[Given information Boundary: Start]
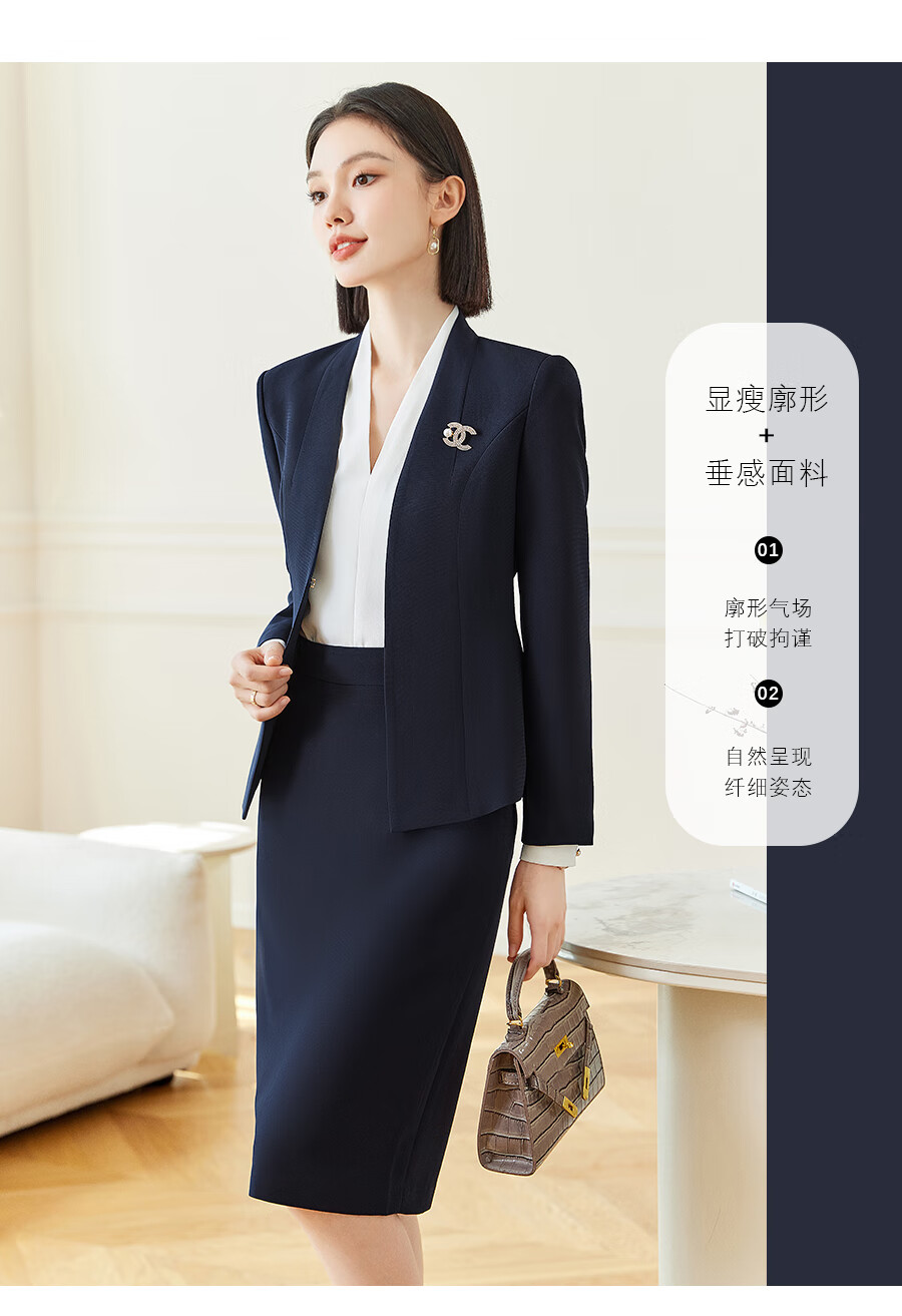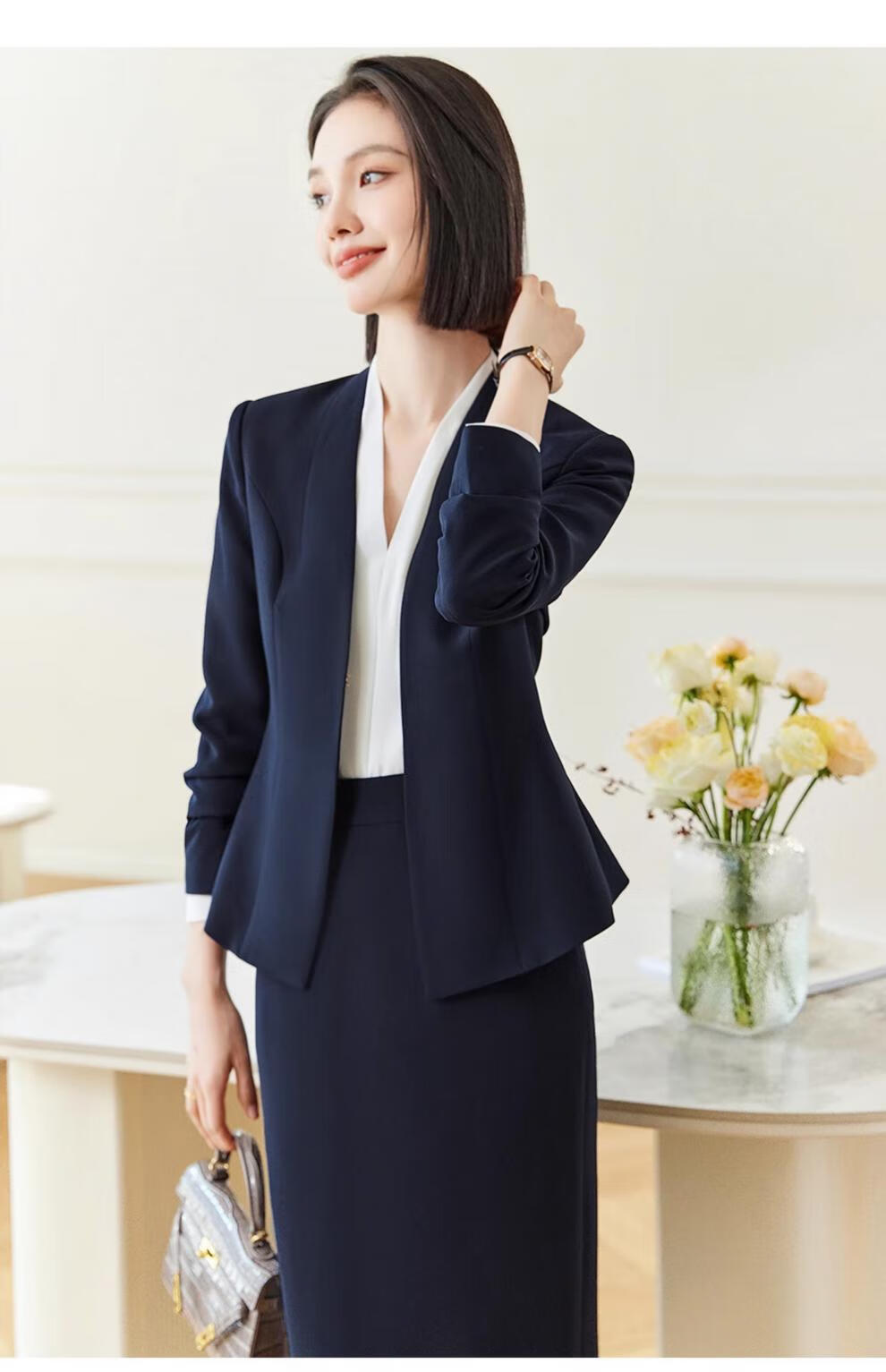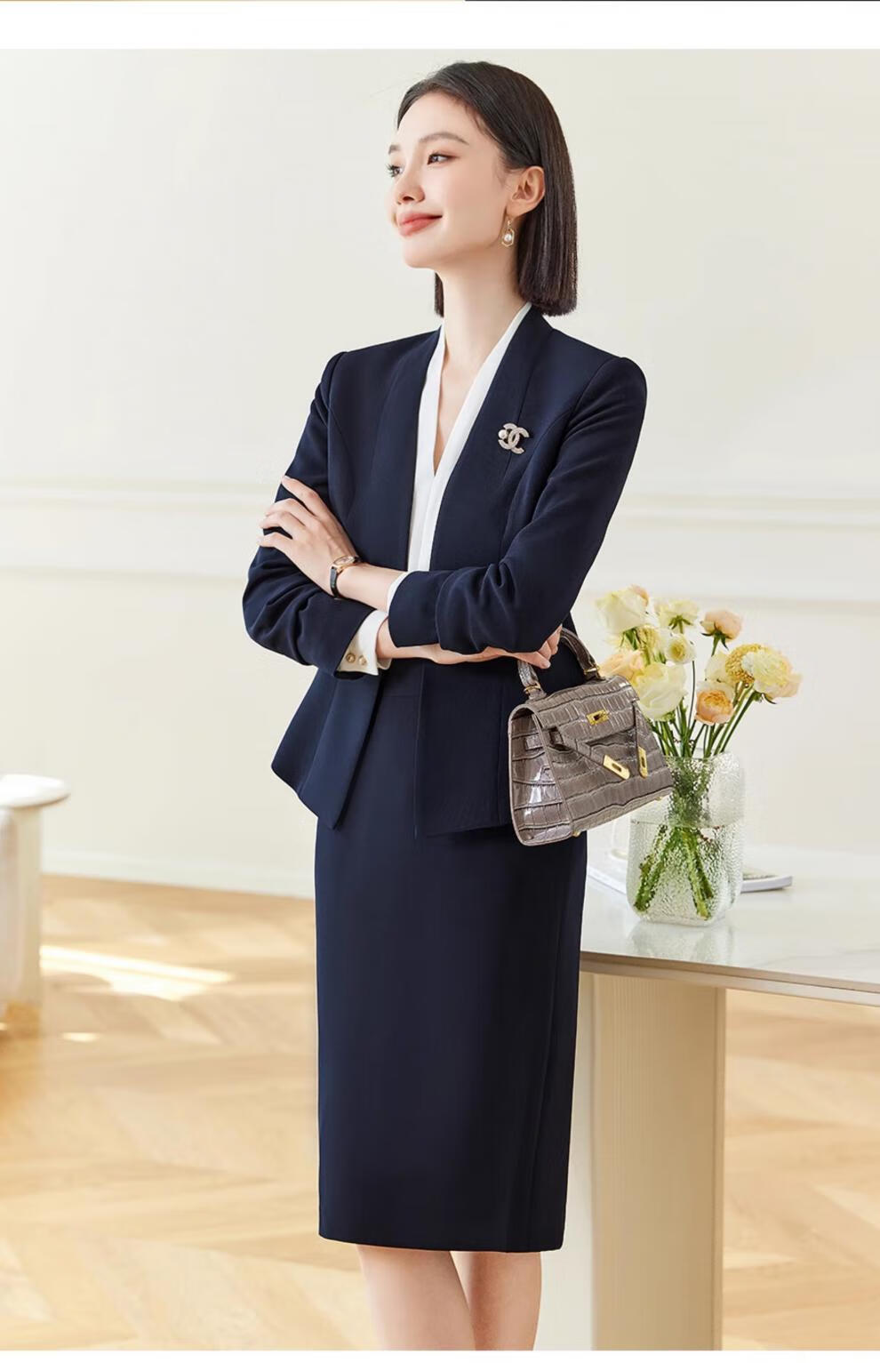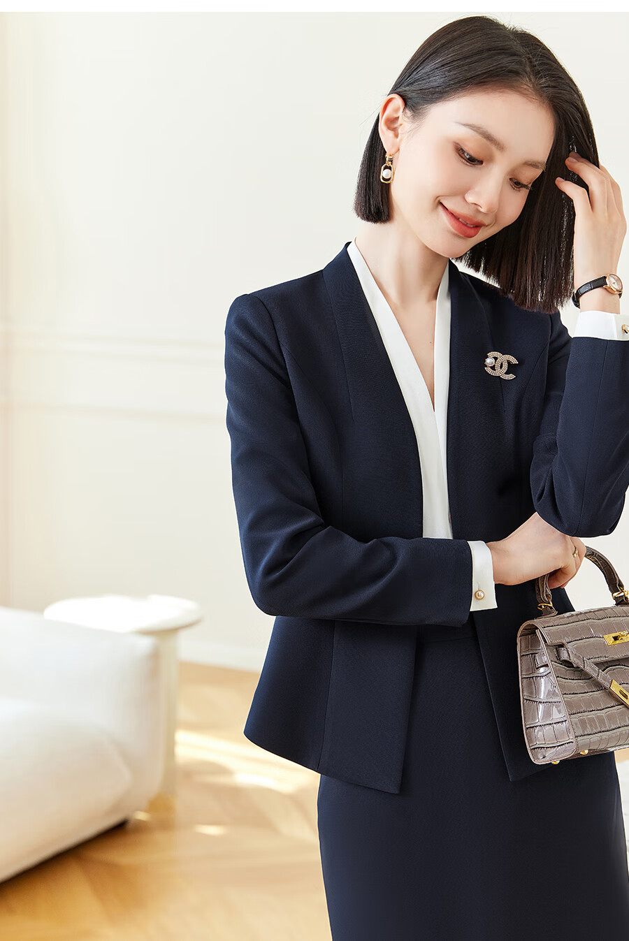 Weishipin Spring Suit Jacket for Women Small 2024 New Style Ladylike Professional Suit Work Clothes Navy Suit + Midi Skirt L Recommended 108-117 Jin Jin equals 0.5 kg
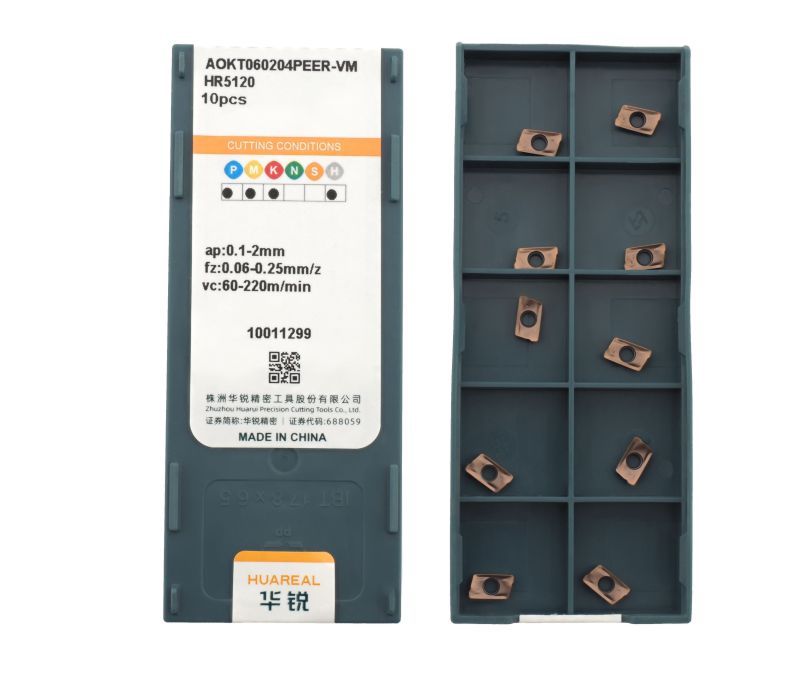 Фрезерная пластина AOKT060204PEER-VM-HR5120 бренда Huareal применяется для обработки заготовок из стали, нержавеющей стали и чугуна.
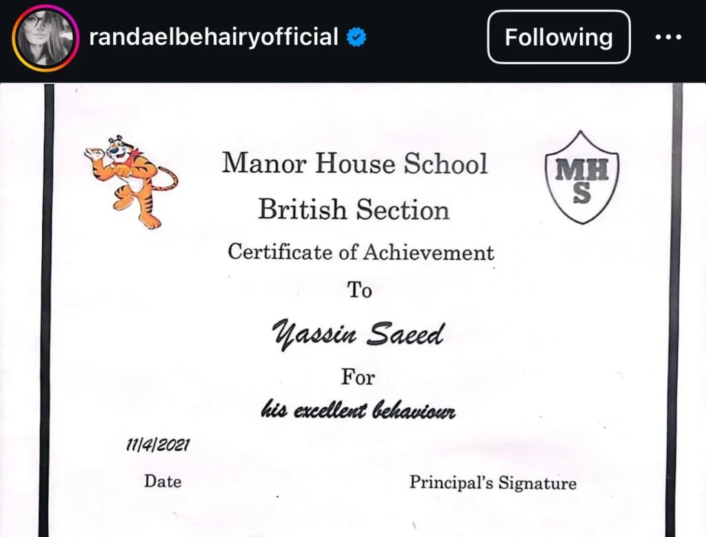 ونشرت راندا عبر حسابها الخاص في “إنستغرام” شهادة ابنها من مدرسته بحسن الأخلاق، ووجهت رسالة لجمهورها قالت فيها: “بسم الله ما شاء الله ولا حول ولا قوة إلا بالله، قولوا ما شاءالله تعالى، ابني المحترم اللي عهدت على نفسي إني أقدّمه هدية للمجتمع ولدولتنا الحبيبة مصر، حصد شهادات عديدة لكني أصريت إني لما أنزل لكم منها شهادة واحدة تكون دي، تكون شهادة بحسن الأخلاق من مدرسته ومدرّسينه”.
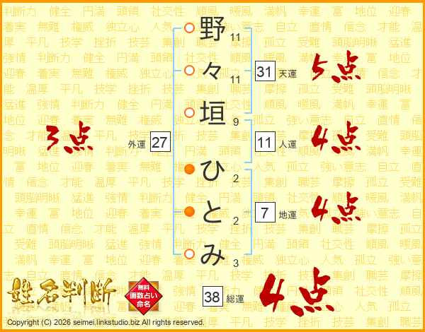 野(11画)々(11画)垣(9画) ひ(2画)と(2画)み(3画)
[Given information Boundary: End]
- [What to do] Here the job is to print the data above exactly, except for any pictures.

- [Answer section]
 Weishipin Spring Suit Jacket for Women Small 2024 New Style Ladylike Professional Suit Work Clothes Navy Suit + Midi Skirt L Recommended 108-117 Jin Jin equals 0.5 kg
 Фрезерная пластина AOKT060204PEER-VM-HR5120 бренда Huareal применяется для обработки заготовок из стали, нержавеющей стали и чугуна.
 ونشرت راندا عبر حسابها الخاص في “إنستغرام” شهادة ابنها من مدرسته بحسن الأخلاق، ووجهت رسالة لجمهورها قالت فيها: “بسم الله ما شاء الله ولا حول ولا قوة إلا بالله، قولوا ما شاءالله تعالى، ابني المحترم اللي عهدت على نفسي إني أقدّمه هدية للمجتمع ولدولتنا الحبيبة مصر، حصد شهادات عديدة لكني أصريت إني لما أنزل لكم منها شهادة واحدة تكون دي، تكون شهادة بحسن الأخلاق من مدرسته ومدرّسينه”.
 野(11画)々(11画)垣(9画) ひ(2画)と(2画)み(3画)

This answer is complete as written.